The present General Terms and Conditions apply to all contracts between Portal Software Solutions Ltd., Suite 2611, Langham Place Office Tower, 8 Argyle Street, Mongkok, Kowloon, Hong Kong called hereinafter "the Provider" and its contract partners, called hereinafter "the Customer", for the supply and delivery of services (especially in the fields of EDP or IT), programs, data, software and other goods, hereinafter called "the Products" (or "the Product") or "the Services" ( or "the Service"). All contracts between the Provider and the Customer take place exclusively based on the conditions listed below. The Customer accepts these conditions on awarding the contract and on accepting and approving the Services, even if they contradict his own terms and conditions completely or in part. Any variations from the conditions indicated below are not binding on the Provider, even if the Provider does not expressly oppose them.

§2 Offers and orders

2.1 All offers, orders and delivery periods for the Provider’s Services are subject to confirmation. The correct and timely delivery of the Service is subject to the Provider's ability to comply with the same.

2.2 All orders, as well as the chosen payment method, have to be placed in writing. After the Provider and the Customer have both signed the order and payment method, they are bound to their compliance.

§3 Deliveries, delivery periods and acceptance of Services

3.1 All delivery periods and/or deadlines are only binding if they have been established explicitly in the contract.

3.2 The delivery period agreed between the Provider and the Customer may be extended or postponed accordingly should the Provider be impeded from delivering the Services agreed on due to transient and unforeseeable reasons for which the Provider cannot be deemed responsible. Such is the case of worker strikes or trade union actions including those of third parties possibly contracted by the Provider in order to comply with the delivery of the Services which are the object of this contract, official or governmental action, power failures or malfunction or failure of such transmission or communication media the maintenance of which the Provider has no control of (e.g. Internet backbone failure), as well as in case of force majeure or Acts of God.

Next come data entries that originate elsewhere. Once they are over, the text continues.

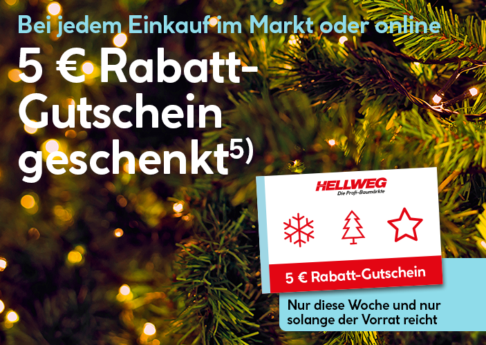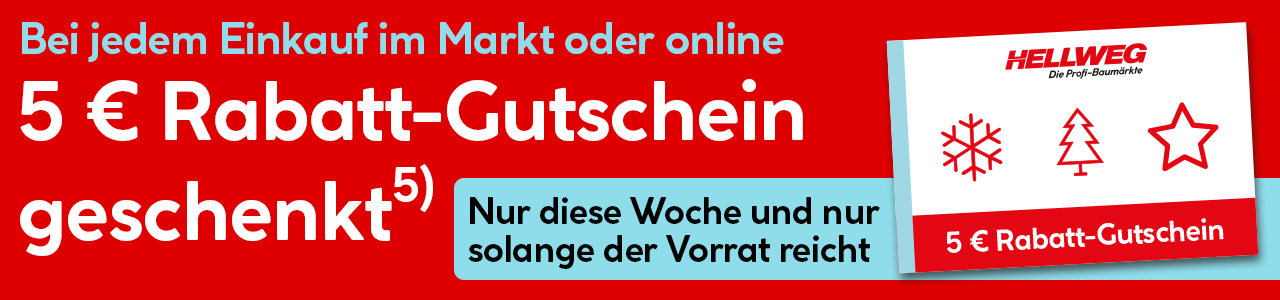 Nur diese Woche erhalten Sie bei jedem Einkauf einen 5 € Rabatt-Gutschein für Ihren nächsten Einkauf GRATIS dazu.
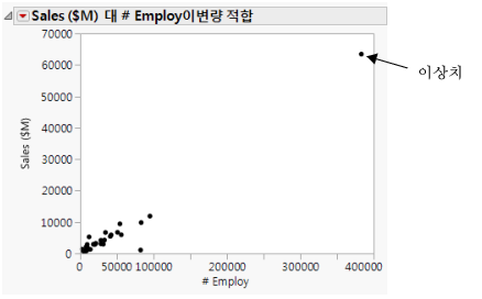 팁: 점을 제외하면 분석은 해당 데이터 점 없이 다시 계산되지만 해당 데이터 점이 산점도에서 숨겨지지는 않습니다. 산점도에서도 해당 점을 숨기려면 점을 선택한 후 행 > 숨기고 제외하기를 선택하십시오.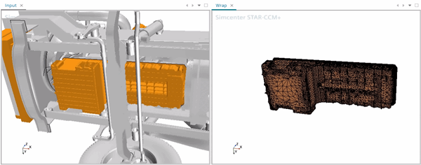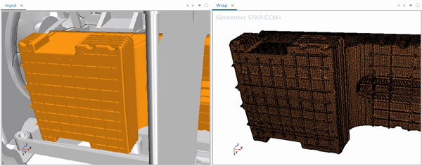 加密油槽上的包面 全局包面中丢失了油槽表面的一些细节。 隔离油槽: 在 Wrap(包面) 场景中,右键单击油槽,然后选择仅显示此零部件。 油槽 oilSump_1872 在场景中已隔离。 创建局部范围: 右键单击操作 > 包面 > 局部范围节点,然后选择新建 > 表面范围。 由于油槽的整体分辨率较差,因此选择了表面范围。如果只需对油槽的某一部分进行加密,则将使用体积范围。 将表面范围重命名为 Oil Sump(油槽)。 定义表面范围: 在 Wrap(包面) 场景中,右键单击油槽,然后选择选择继承自以选择与场景中的包面对应的零部件表面。 按 <Ctrl> + <C> 将零部件表面复制到剪贴板。 选择操作 > 包面 > 局部范围 > Oil Sump(油槽) 节点,然后使用 (从剪贴板粘贴选择内容)设置零部件表面。 选择 Oil Sump(油槽) 节点,然后将膨胀距离设为 20.0 mm。 如果设置的膨胀距离过小,包面可能会失败。通常,表面范围的膨胀距离必须是局部表面尺寸的三倍左右。在这种情况下,膨胀距离 15.0 mm 适用。 创建并定义一个自定义控制,用于加密油槽周围的包面: 右键单击操作 > 包面 > 自定义控制节点,然后选择新建 > 面控制。 将面控制重命名为 Oil Sump Refinement(油槽加密)。 在 Wrap(包面) 场景中,右键单击油槽,然后选择选择继承自以选择与原始零部件对应的零部件表面。 按 <Ctrl> + <C> 将零部件表面复制到剪贴板。 选择操作 > 包面 > 自定义控制 > 油槽加密 节点,然后使用 (从剪贴板粘贴选择内容)设置部件表面。 编辑 Oil Sump Refinement(油槽加密) 节点并设置自定义控制设置,如下所示: 节点 属性 设置 控制 目标表面尺寸 目标表面尺寸 自定义 最小表面尺寸 最小表面尺寸 自定义 值 目标表面尺寸 尺寸类型 绝对值 绝对尺寸 5.0 mm 最小表面尺寸 尺寸类型 绝对值 绝对尺寸 5.0 mm 执行包面。 包面现在成功且油槽已正确求解。 在 Wrap(包面) 场景中,右键单击空白区域并选择恢复所有隐藏的零部件。 保存模拟。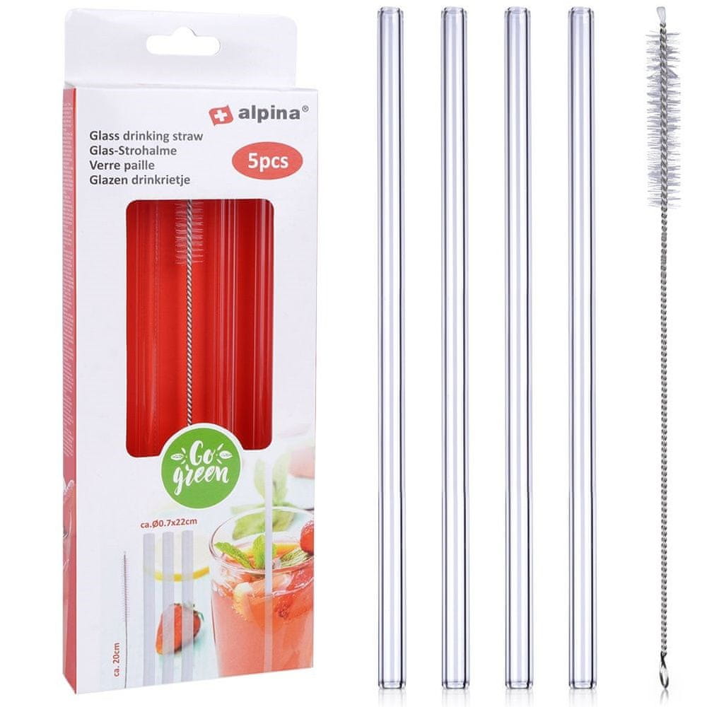 Komplet štirih slamic s čistilom. Odlične so tako za domačo kot za restavracijsko uporabo, čistilo pa bo olajšalo vzdrževanje čistoče slamic. Popolne so za vodo, koktajle, limonado, kavo, ledeni čaj, kapučino itd. Steklene slamice so ravno prave debeline, zato vam ni treba skrbeti, da bi se zlomile. Originalni izdelek nizozemske blagovne znamke Alpina. Izdelano po evropskih standardih.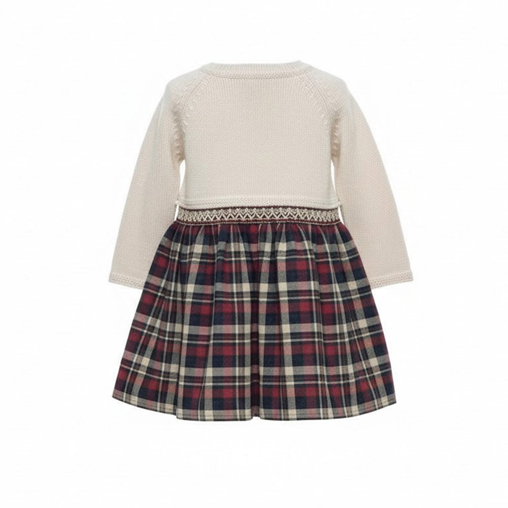 Vestina realizzata in misto lana e flanella, caratterizzata da colletto rotondo a costine, maniche lunghe e gonna svasata a quadri. È decorata con osetto ad intasrio sulla parte anteriore.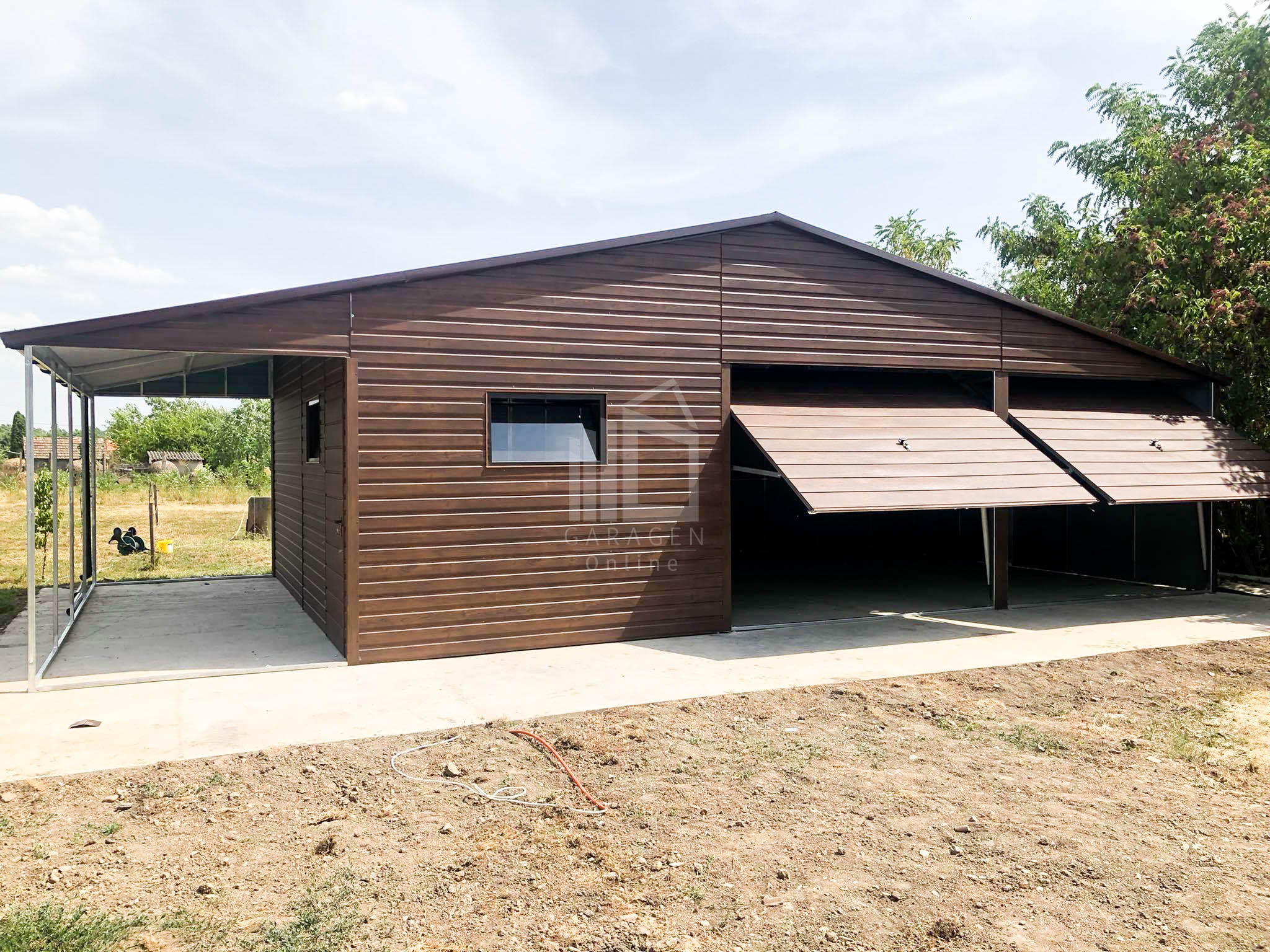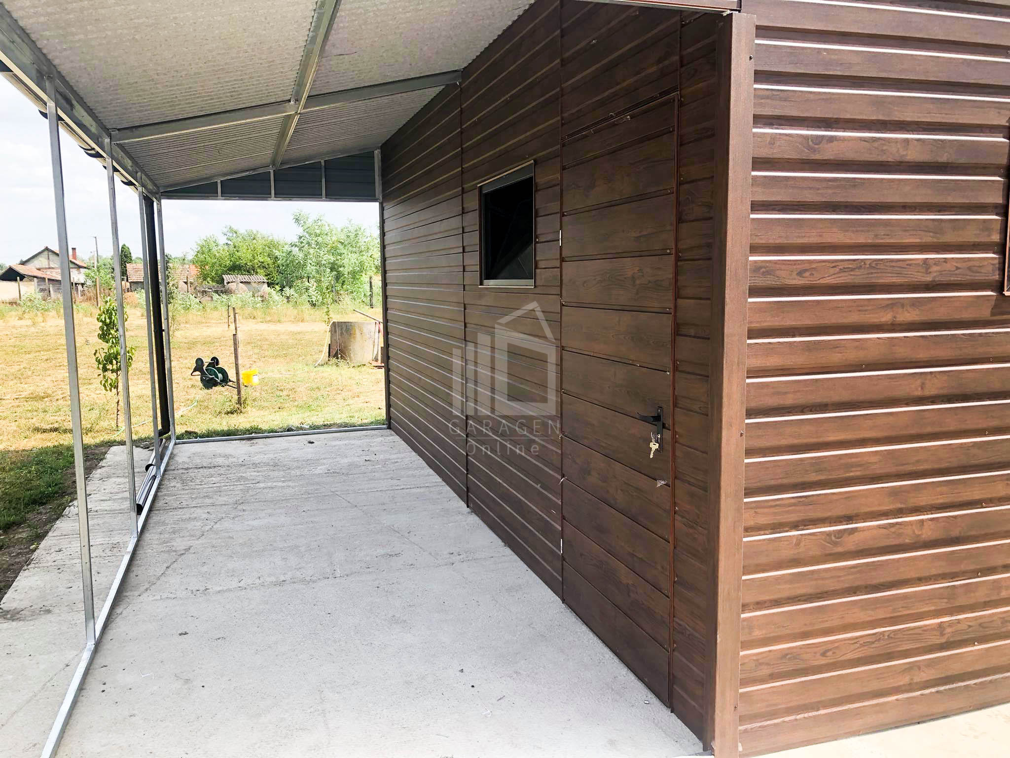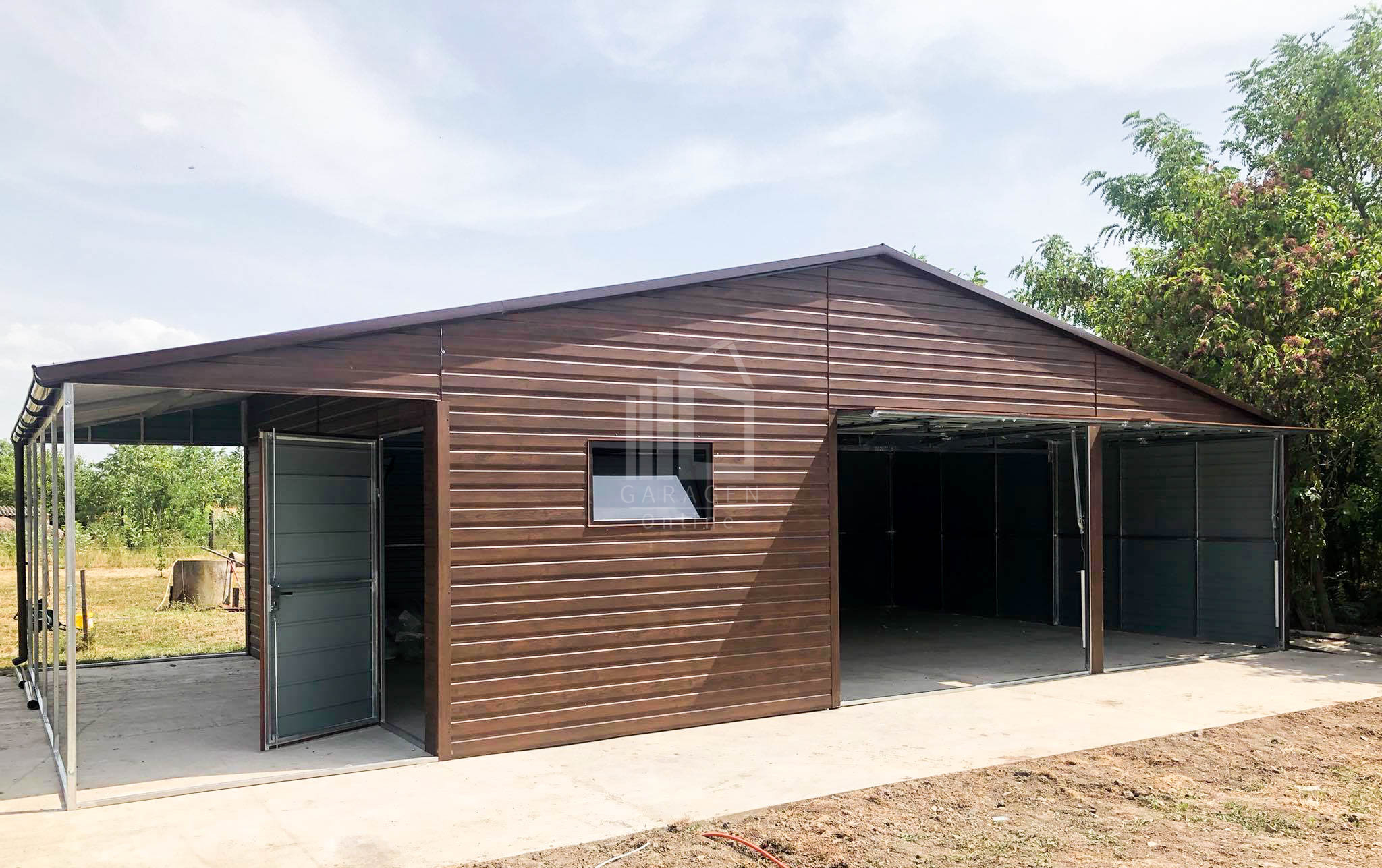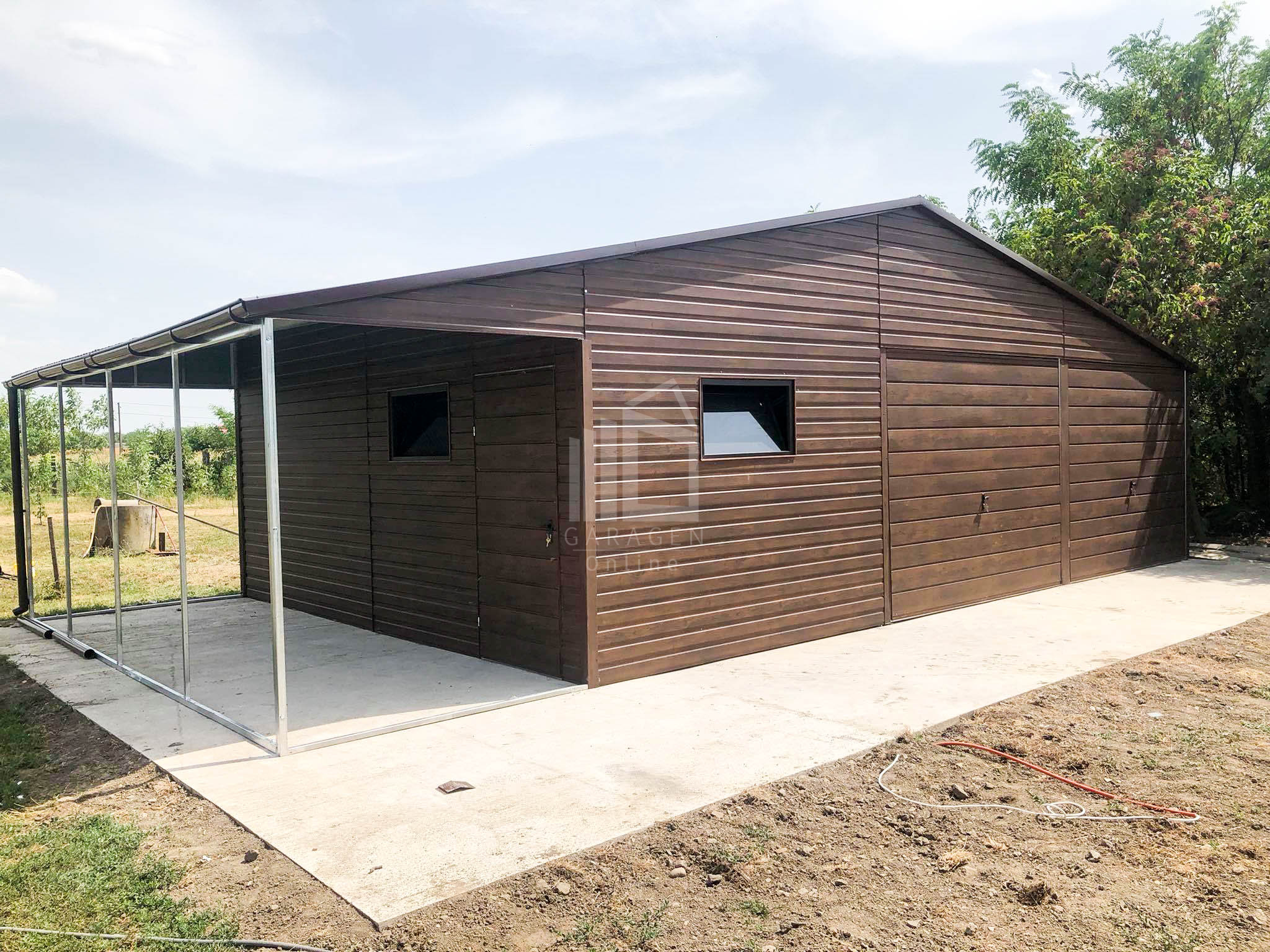 Blechgarage 9x6m + Überdachung 3m x 6m – Holzoptik – Satteldach GP135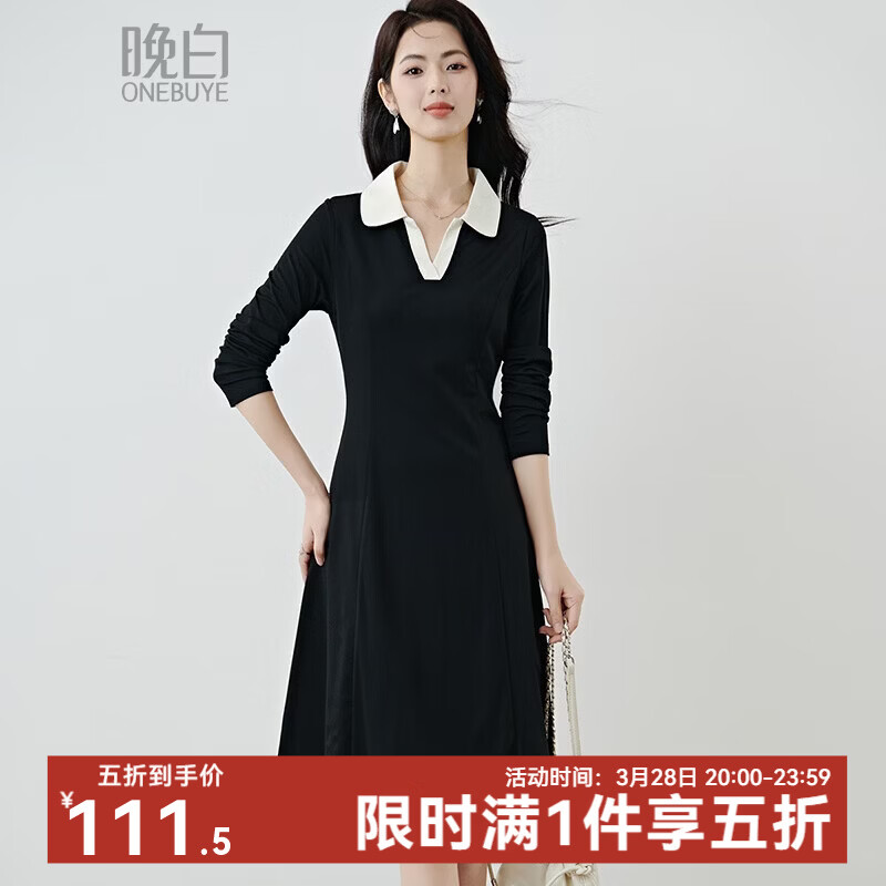 晚白【新品】2026春款黑白撞色V型翻领棉感裙子小个子显高休闲连衣裙 黑色 L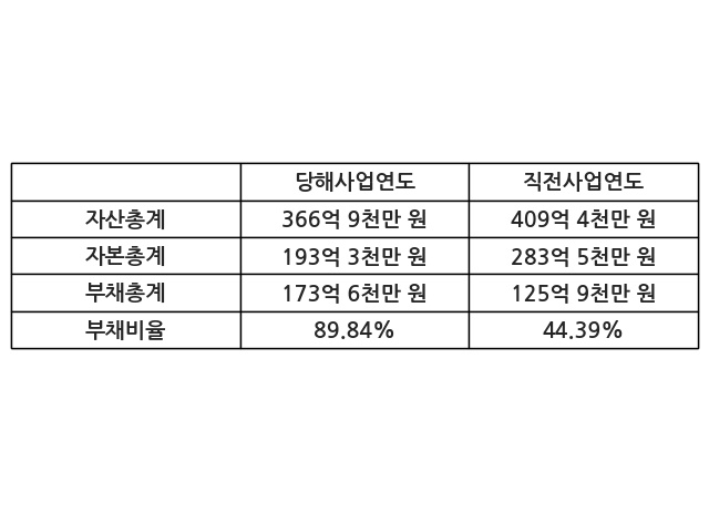 또한, 이번사업연도의 자산총계는 366억 9천만 원으로 직전사업연도 대비 -10.38% 감소한 한편, 부채총계는 173억 6천만 원으로 37.94% 증가, 자본총계는 193억 3천만 원으로 -31.84% 감소했다.

3.3 Should the Provider fall into default without having delivered the Services agreed on, his liability is determined by the provisions of sections 8 and 9 of this contract. The Customer may only rescind the contract entered into in the event of the Provider failing to comply with a grace period set by the Customer, which must be at least of four weeks.

3.4 The Customer shall undertake to determine the compliance of the Services with those described in the contract and accept delivery of the same as soon as the Provider has indicated the completion of the contracted Services and made them available for delivery. In the context of IT planning and software development, the test data provided by the Customer shall be used for this purpose. Should no defects reducing the value or suitability of the Services for normal or contractually determined use or only some minor limitations be found by the Customer on delivery, the Customer shall accept the Services without delay and attest to this fact in writing, while describing in a separate list minor and not relevant defects to be corrected by the Provider in the short-term and as soon as possible. Should the Customer apply the provided Services to commercial use, either wholly or partially, or should the acceptance by the Customer not be effected within fourteen days counted from the stipulated date of acceptance, the Customer shall be obliged to issue the acceptance confirmation immediately.

§4 Copyright and other intellectual property rights, and export regulations

The Provider shall not be held liable for the infringement of any patents, intellectual property rights or copyrights under any circumstances. All delivered Services, tangible and intangible, are to be used exclusively in the United States, Canada, Germany, Austria, Switzerland, Denmark, Sweden, Norway, Finland, France, Belgium, the Netherlands, Italy, Spain, Luxembourg, Greece, Portugal, United Kingdom, Ireland, Australia, New Zealand, Hong Kong and Japan. Any export requires a short written consent by the Provider.

§5 Reservation of proprietary rights

5.1 In the event of license agreements or/and leases, all proprietary rights to the Services and /or the communication facilities delivered shall be deemed belonging to the Provider and/or his partners or suppliers. Under no circumstances can they be made available to third parties without explicit written consent being given by the Provider. Should any copyrights or intellectual property rights on the delivered Services be owned wholly or partially by third parties, these rights will be also recognized by the Customer, even without written confirmation. Under no circumstances may the Customer manipulate, copy, or redistribute without permission the Services put at his disposal. The use of Reverse Engineering Methods (decompilation and disassembly) is also strictly forbidden.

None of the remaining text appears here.